Feelings of disillusionment and betrayal eroded the regime’s most fundamental base of support. For many Alawites, the fear of staying with Assad at last outweighed the fear of leaving him. When the battle of 2024 began, Alawite soldiers fled their positions with a speed that shocked even their enemies.

The victorious rebel group, Hay’at Tahrir al-Sham (HTS), offered soldiers willing to surrender a simple deal: Lay down your arms, and you will be safe. In a desperate attempt to salvage loyalty, the regime announced a 50 percent salary increase for soldiers. But this came too late. Many Alawite soldiers saw the HTS offer as a refuge. What had kept them fighting for Assad was not loyalty but fear, and once that fear was gone, so was their allegiance.

Today, the friends I talk with in Jableh express relief that Assad, who couldn’t muster the decency to acknowledge their sacrifices before boarding his plane to Moscow, is now gone. They are also relieved that the war, for now, has ended. But relief is not the same as peace. Many Alawites worry that one nightmare will merely give way to another—that the rebel groups’ revenge will be the answer to their unrequited loyalty to Assad.

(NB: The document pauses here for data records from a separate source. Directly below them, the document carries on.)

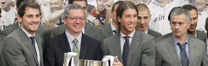 Alberto Ruiz-Gallardón ha recibido este miércoles a los campeones de Copa del Rey, donde ha elogiado a Mou, como él mismo le ha llamado, y ha indicado que "Cibeles es más vuestra que nuestra". Además, ha augurado que el año que viene el Real Madrid volverá en tres ocasiones.
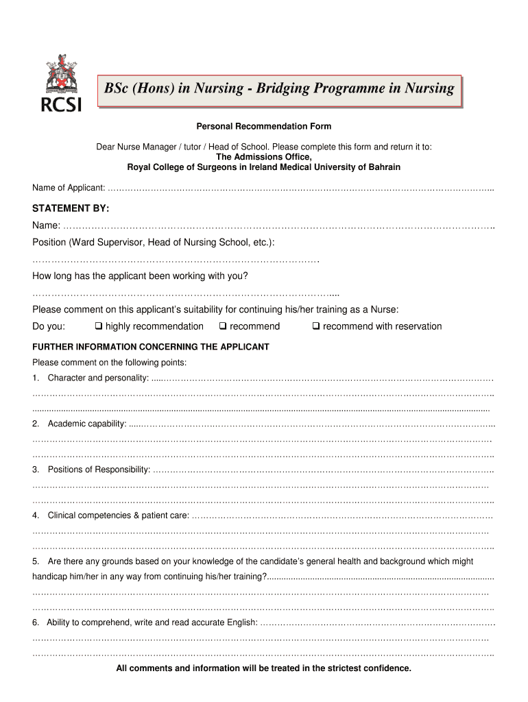 B.Sc. (Hons) in Nursing Bridging Program in Nursing Personal Recommendation Form Dear Nurse Manager / tutor / Head of School. Please complete this form and return it to: The Admissions Office, Royal
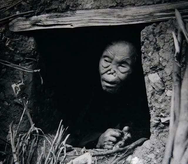 这个黑洞洞的是临时挖的土洞,老人探出半张脸,手上全是沟壑,旁边几根柴棒子压着洞口当门栓,听着风一过,沙就往里掉,谁敢咳嗽,怕把“屋顶”咳塌了。
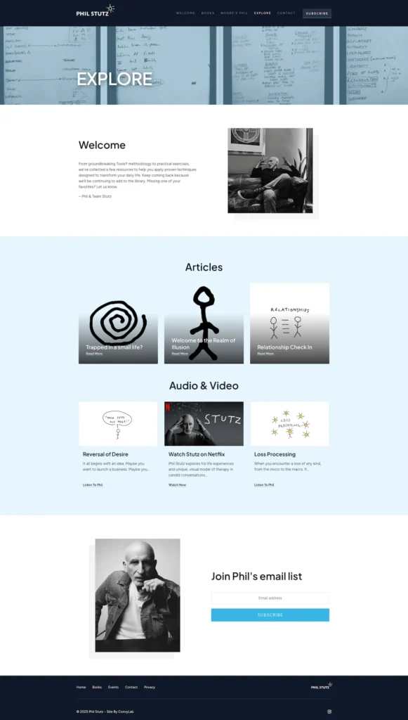 Phil had no central place for his audience. Multiple platforms were scattered, and the upcoming launch required a site that could:
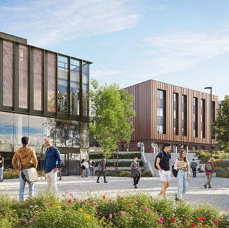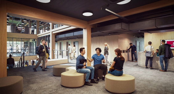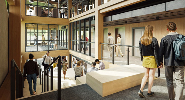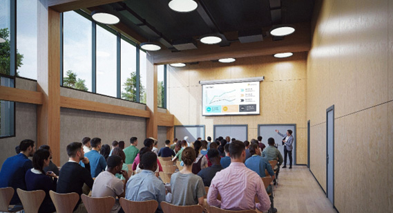 The net-zero building is at the centre of our efforts to become more sustainable as a university. It features solar panels and other renewable energy sources, and is also accessible from every level of the Student Village.
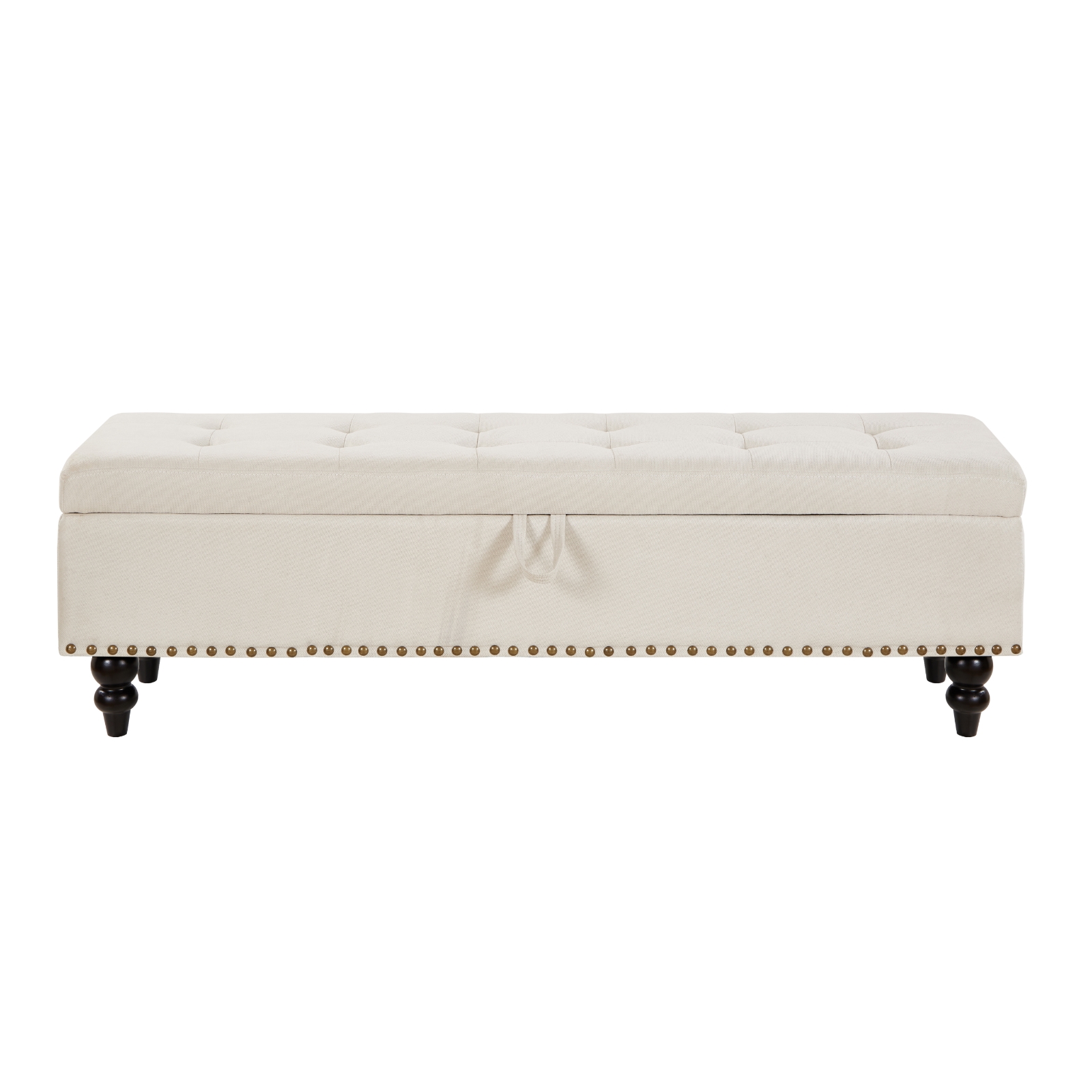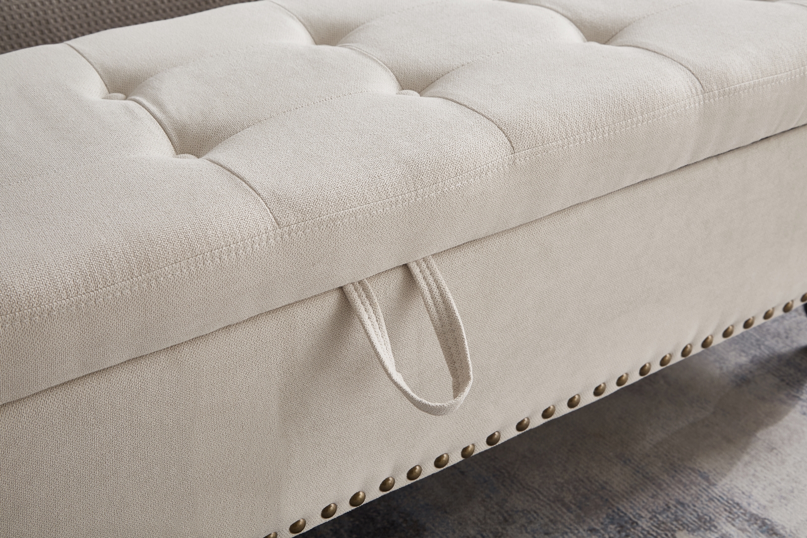 59 Bed Bench Ottoman With Storage Beige Fabric
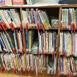 季節の絵本や、子ども達が関心のある図鑑以外にも、行事につながりそうな絵本を置いたりしています。
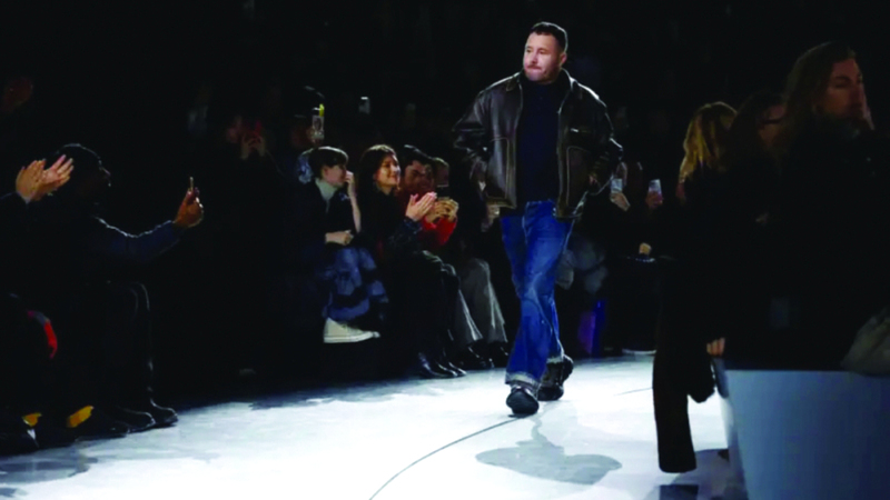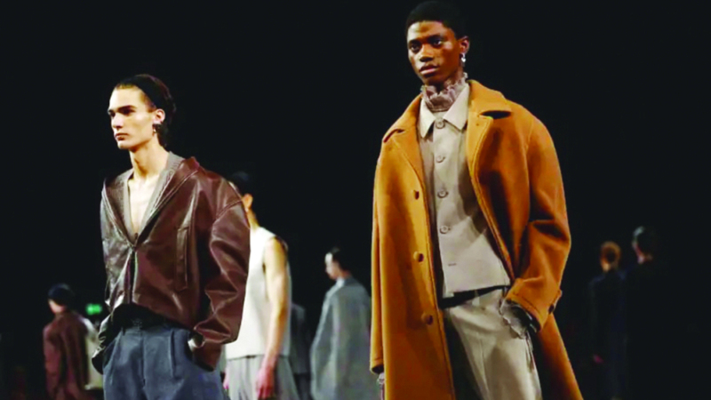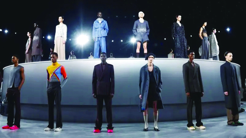وسار عارضو الأزياء حول منصّة دائرية بأحذية مسطحة تشبه أحذية راقصي الباليه، بينما كانوا يرتدون قمصاناً من دون ياقات، ومعاطف لامعة، ومجموعة من السراويل والسترات القماشية المشدودة عند الخصر والمرصّعة بأحجار «الراين».
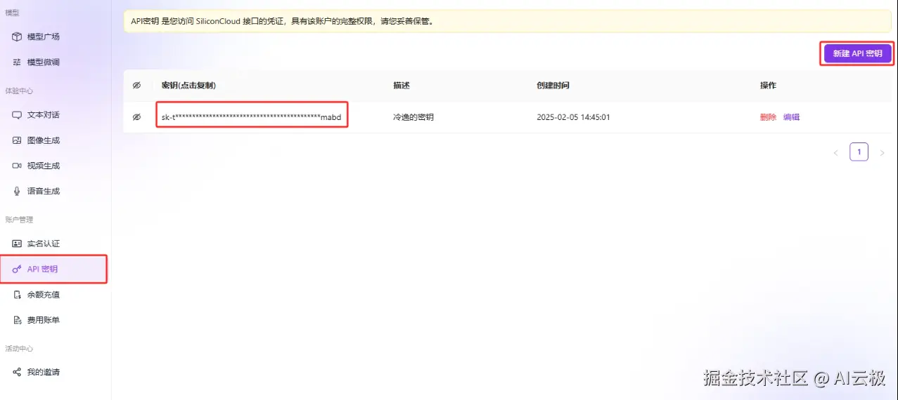 在 硅基流动 平台创建 API 密钥(⚠️ 不要外泄! )。
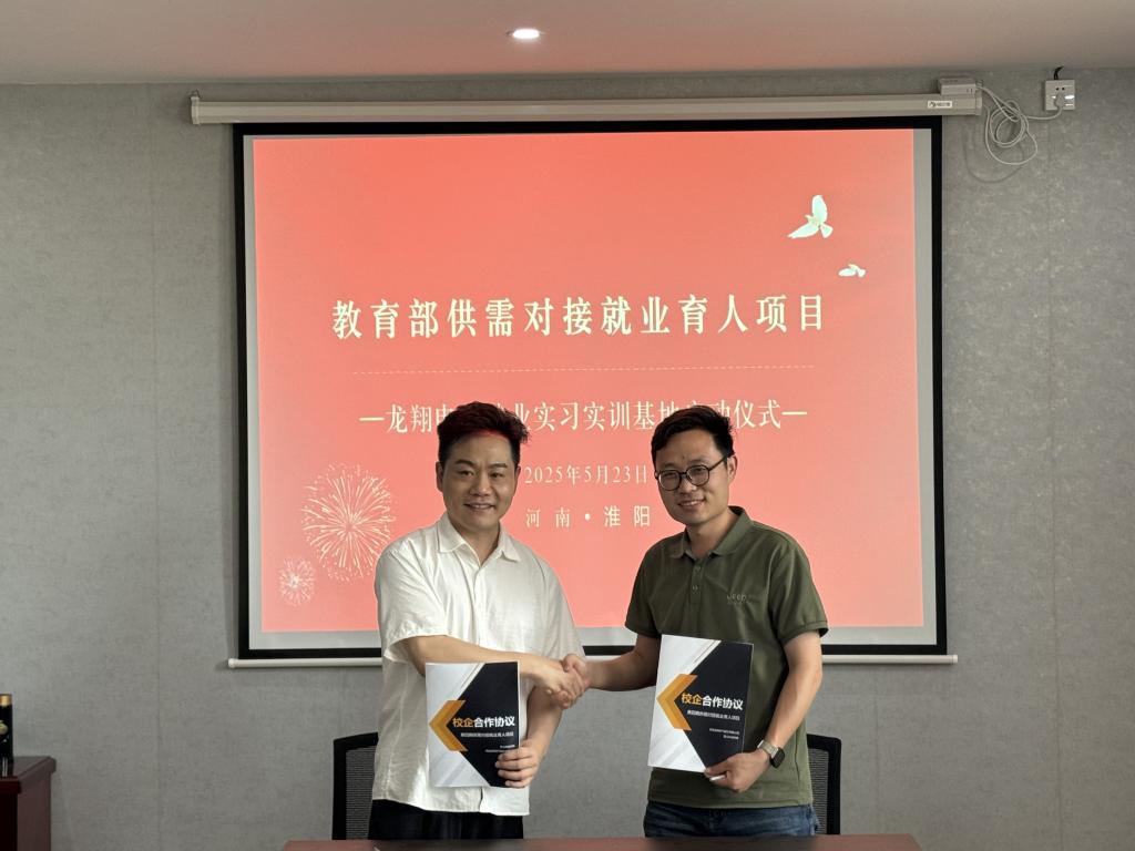 在与会人员的共同见证下,太阳成集团122ccvip与河南龙翔电气股份有限公司正式签订《校企合作协议》,标志着双方在校企合作方面迈出了坚实的一步。紧接着,河南龙翔电气代表朱亮亮总经理与马栋副经理共同为“老员工就业创业实践基地”揭牌,该基地的建立将为太阳成集团122ccvip员工提供更多实践锻炼的机会,有助于提升员工的专业技能和实践能力。

Syria has an opportunity to overcome this bind. Fears fed by decades of sectarian propaganda won’t dissipate all at once, but the new government can help assuage them by holding rebel groups accountable and ensuring that justice is dispensed by lawmakers rather than by armed groups with scores to settle. Civil society can build trust by working with Alawite communities to expose and address acts of state violence or corruption.

Justice will surely seem elusive after so much bloodshed, in a country where all sides claim their fallen as martyrs and blame the others for the carnage. But if Syrians are to break the country’s cycle of violence, they will have to acknowledge one another’s pain and find a way to grieve collectively. The war’s scars can serve as reminders not of what divides Syrians, but of why we must rebuild together, and of the terrible cost of fear.